The New Geography of Opportunity

By
Learn more about J.H. Cullum Clark.
J.H. Cullum Clark
Director, Bush Institute-SMU Economic Growth Initiative
George W. Bush Institute

A diverse range of cities and metropolitan areas have emerged as high-opportunity regional economies in 21st century America. This report examines those cities and towns and outlines their strengths.

A diverse range of cities and metropolitan areas have emerged as high-opportunity regional economies in 21st century America, sometimes in surprising places. This report explores six geographic patterns into which most of the high-opportunity cities, towns, and neighborhoods of the United States fit naturally. Fifty-six of the 64 “cities of opportunity” we’ve identified from among America’s 250 largest metro areas fit into one of four regional groups:

  • Star metro areas of the Northeast and Pacific coasts (4 metros).
  • Thriving metros of what we call the “Northwest 13” states (32 metros).
  • Booming metros of the Sun Belt (16 metros).
  • Emerging turnaround metros of the Midwest (4 metros).

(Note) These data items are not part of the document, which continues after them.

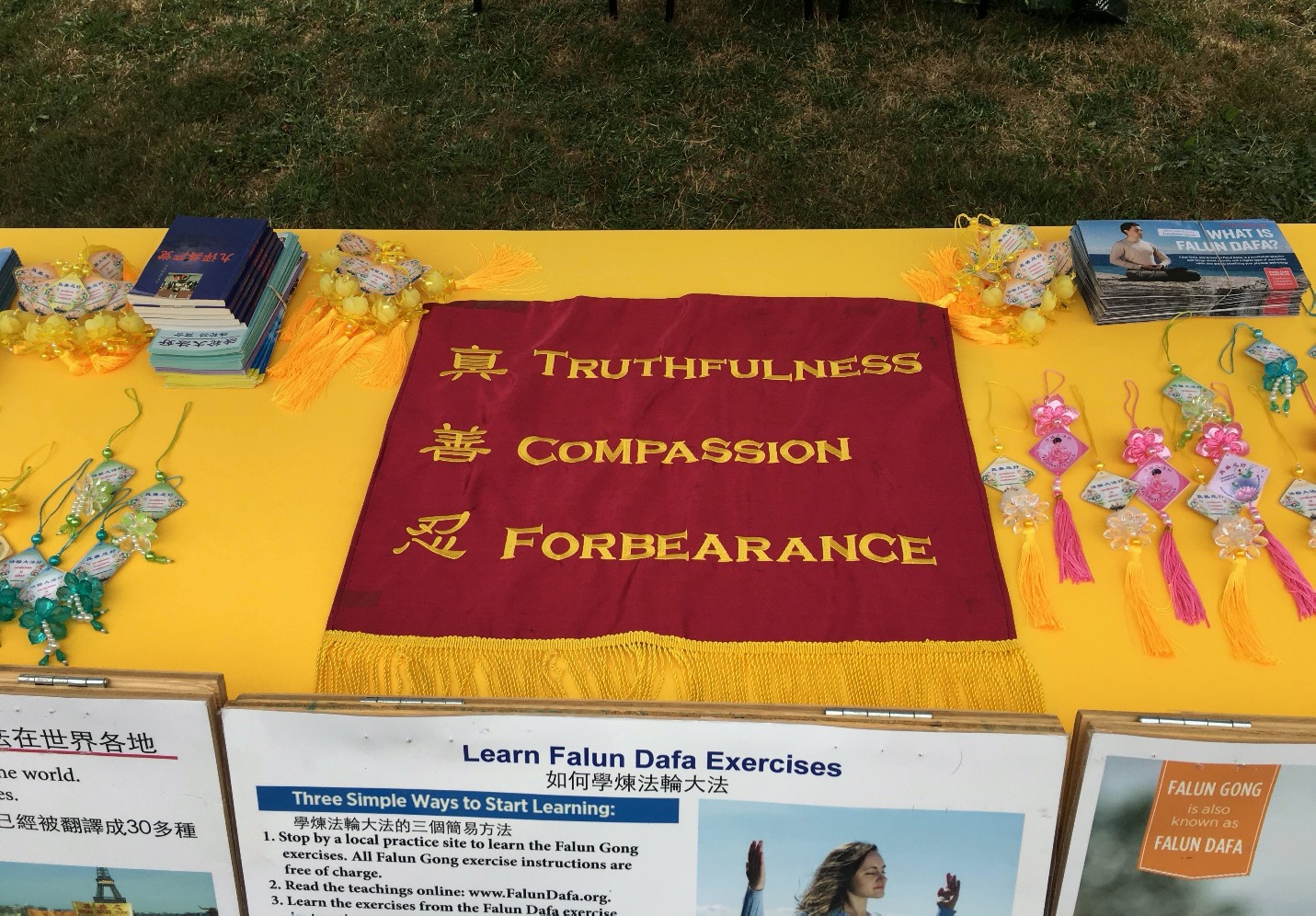 学员们在展位上摆放了美丽的莲花和两幅明黄色的横幅,上面用中英文写着“法轮大法好”和“真善忍好”。许多人被美丽多彩的莲花所吸引,对学习这种和平的打坐修炼很感兴趣。
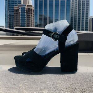 Divided H&M Shoes Womens Size 8 Black Heels Sandals Ankle Strap Buckle Strappy
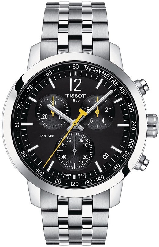 Tissot PRC 200 Chronograph T114.417.11.057.00 to męski zegarek sportowy na stalowej bransolecie w połączeniu szczotkowania i polerowania ze składanym zapięciem. Koperta ze stali nierdzewnej ma średnicę 43 milimetrów i zakręcaną koronkę. Czarną tarczę z żółtymi detalami chroni szafirowe szkiełko. Wskazówki i stosowane indeksy pokryte są powłoką luminescencyjną Super-LumiNova®, która gwarantuje doskonałą czytelność w warunkach słabego oświetlenia. Zegarek napędzany jest mechanizmem kwarcowym ETA G10.212 ze wskaźnikiem niskiego poziomu baterii i maksymalnym dziennym odchyleniem dokładności biegu wynoszącym +/- 0,1 sekundy. Zegarek posiada funkcję wyświetlania daty, stoper i skalę tachymetru. Wodoodporność zegarka wynosi 20 ATM i dlatego nadaje się do pływania i snorkelingu.
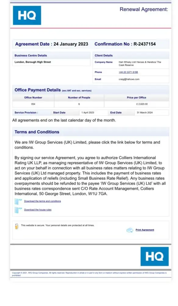 Desired outcome: For Regus/HQ to honour the end of contract date which is stated in my agreement.
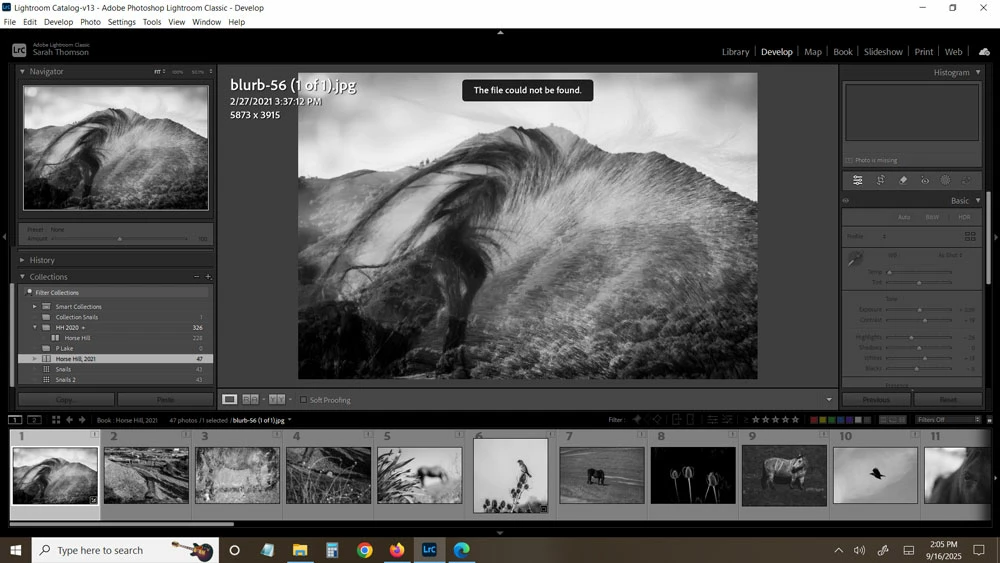 Hi there, I just opened Lightroom. There was some sort of update, and now the images in my book module are showing, but when I press develop mode it says the photo cannot be found. None of these photos can be found. They were all on my external hard drive which is plugged in, and I can plainly see them on the hard drive separately, so I know that they're there. Can someone please assist with this? I have no idea how to fix this, but I'm pretty sure it can be fixed, right? That book took me a long time to put together I cannot start it over again. Thank you in advance to anyone with any suggestions!

In addition, two pervasive trends account for most high-opportunity places within America’s larger metropolitan areas:

  • The rise of urbanizing suburban cities as top-performing places of opportunity.
  • Growing bifurcation of large core cities into high-opportunity wealthy areas and low-opportunity struggling areas.

Resources


The case studies in this report offer the same takeaways as our companion report, “The Evolving Geography of Opportunity: Leading Cities of the Past, Present, and Future”: High-opportunity cities are places that emphasize education and innovation, offer a relatively good quality of life to residents, sustain a strong sense of community, welcome immigrants and other newcomers, and pursue commerce friendly economic policies.

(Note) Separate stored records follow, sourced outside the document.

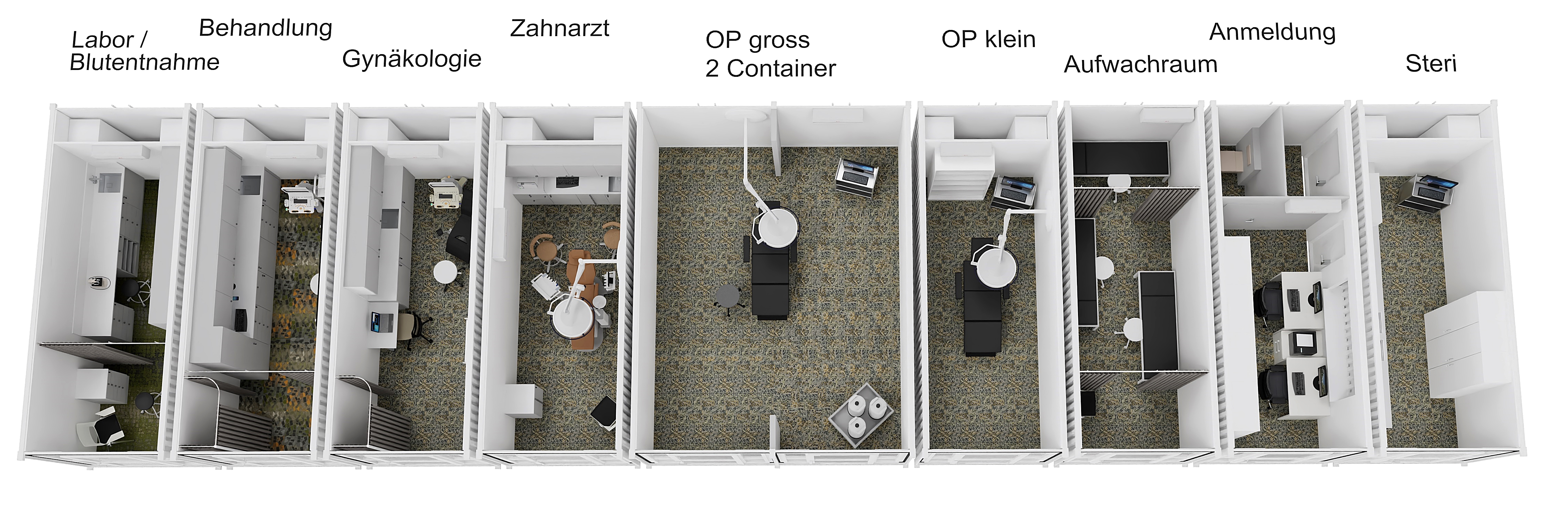 Die Container können in unterschiedlichen Einheiten gebaut und flexibel zusammengesetzt werden, um spezifische medizinische Bedürfnisse zu erfüllen
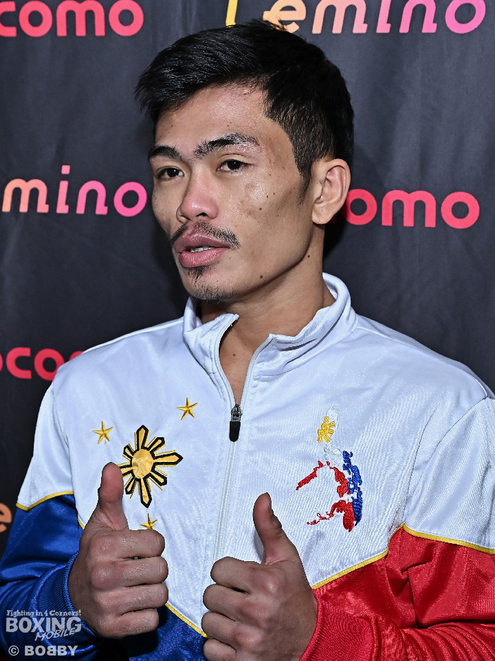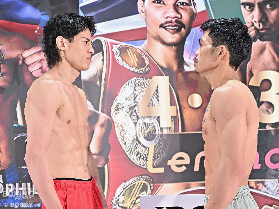 昨年5月の世界初挑戦以来の再起戦に臨む力石政法(31=大橋)が12日、東京ドームシティ内のblue-ing!で、60.0kg契約8回戦で対戦するリト・バデナス(25=比)とともに前日計量に臨んだ。
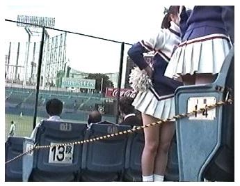 短時間作ですが、ハイライトは、ずばり、(チアちゃんたち)総出のゴミ回収となった、帰り支度シーン。落ちてるのを探して拾うわけですから、ま、どうなるかはご想像にお任せするとして……。観客席のチアちゃんたちの一括撮り(byうんこ座り)くらいは朝飯前(?)の序の口、前屈みを真後ろの“ど下”からすくい撮る「あわわわ
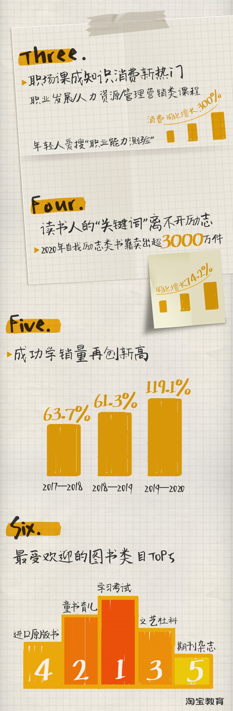 當然,學習并不只適用于校園。職業規劃類圖書和課程已然成為95后、00后的職場助手。“職業能力測驗”占據天貓教材熱銷榜,職業發展、人力資源、管理營銷類課程的消費也同比增長超300%,實用主義成為年輕人的職場選擇。
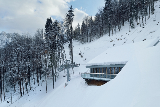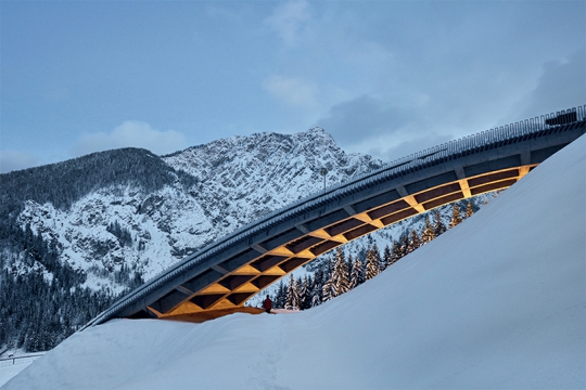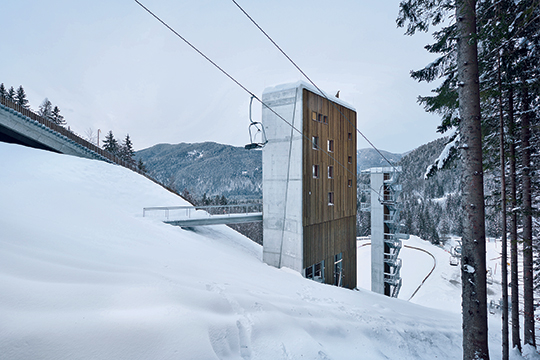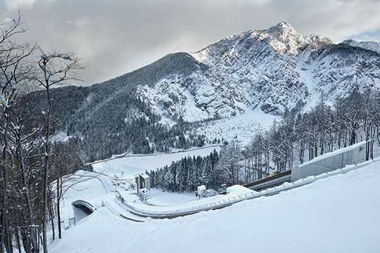 Oblikovanjem luka ispod vrha doskočišta skakaonica iskazuje poštovanje prema inženjerskoj tradiciji prvog konstruktora tog objekta, inženjera Stanka Bloudeka. Umjesto drvenih, odnosno kasnije betonskih stupova, koji su podupirali uzdignuti dio doskočišta, koncipiran je vitki luk s rasponom od 40 metara. Tim lukom skakaonica ostvaruje prostorni prozor koji uokviruje karakterističnu siluetu planinske skupine Ponca. Upotreba poglavito dvaju materijala, betona i drveta, odgovara materijalnom kontekstu prirodnog krajolika. Oblikovanje je suzdržano i traži neposredni dodir s topografijom. Naročite strukture, luk na vrhu doskočišta i oba tornja se s jedne strane drži različitih konstrukcijskih okvira, a s druge strane jednostavnim oblikovanjem bez nepotrebnih detalja nastavlja se na konceptualnu logiku tradicionalne izgradnje u sjevernoj Sloveniji.
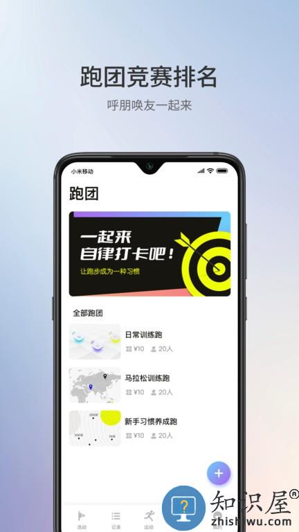 致力于打造熟人健身圈子,你可以创建专属跑团,邀请好友加入,和好友一起线上开跑,每日更新排名,健身的同时还满足社交需求。呼朋唤友大家一起来竞赛排名。想要的身材努力锻练,想要的生活自己争取。
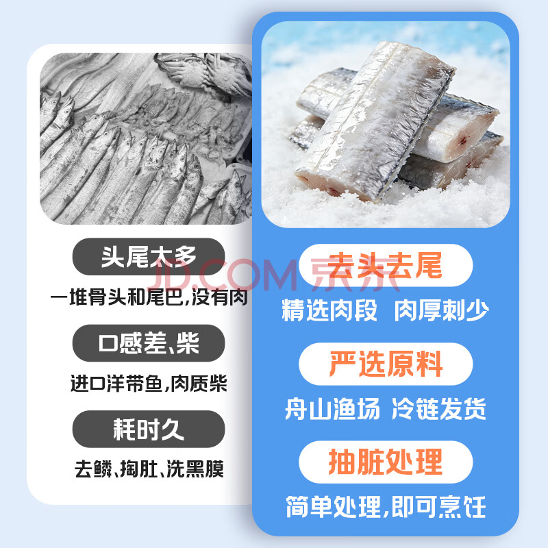商品相册:纯色本味冷冻舟山带鱼段(抽脏工艺)净重3斤烧烤地标产品刀鱼第
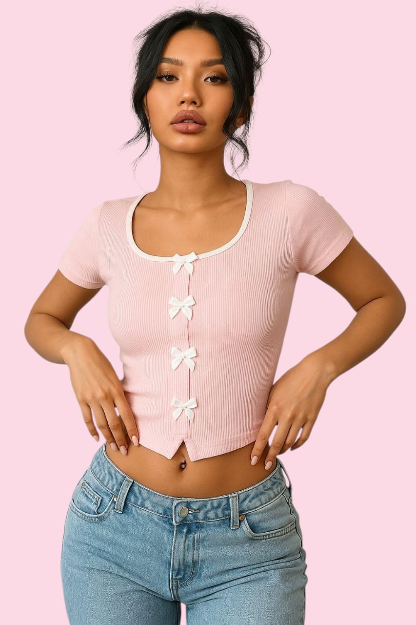 El Top Alice es perfecto para un look femenino y delicado. Con lazitos en el frente y disponible en rosa bebé, azul acero y perla, este top es ideal para cualquier ocasión.

The regional patterns we explore in this report offer different mixes of strengths and shortcomings in these respects. The star coastal metros perform best on education and innovation, the Northwestern metros on quality of life and social capital, and the Sun Belt metros on economic freedom and affordability. Emerging turnarounds in the Midwest are showing a path to growing prosperity and economic mobility based on strong knowledge generating institutions, social capital, and quality-of-life investments.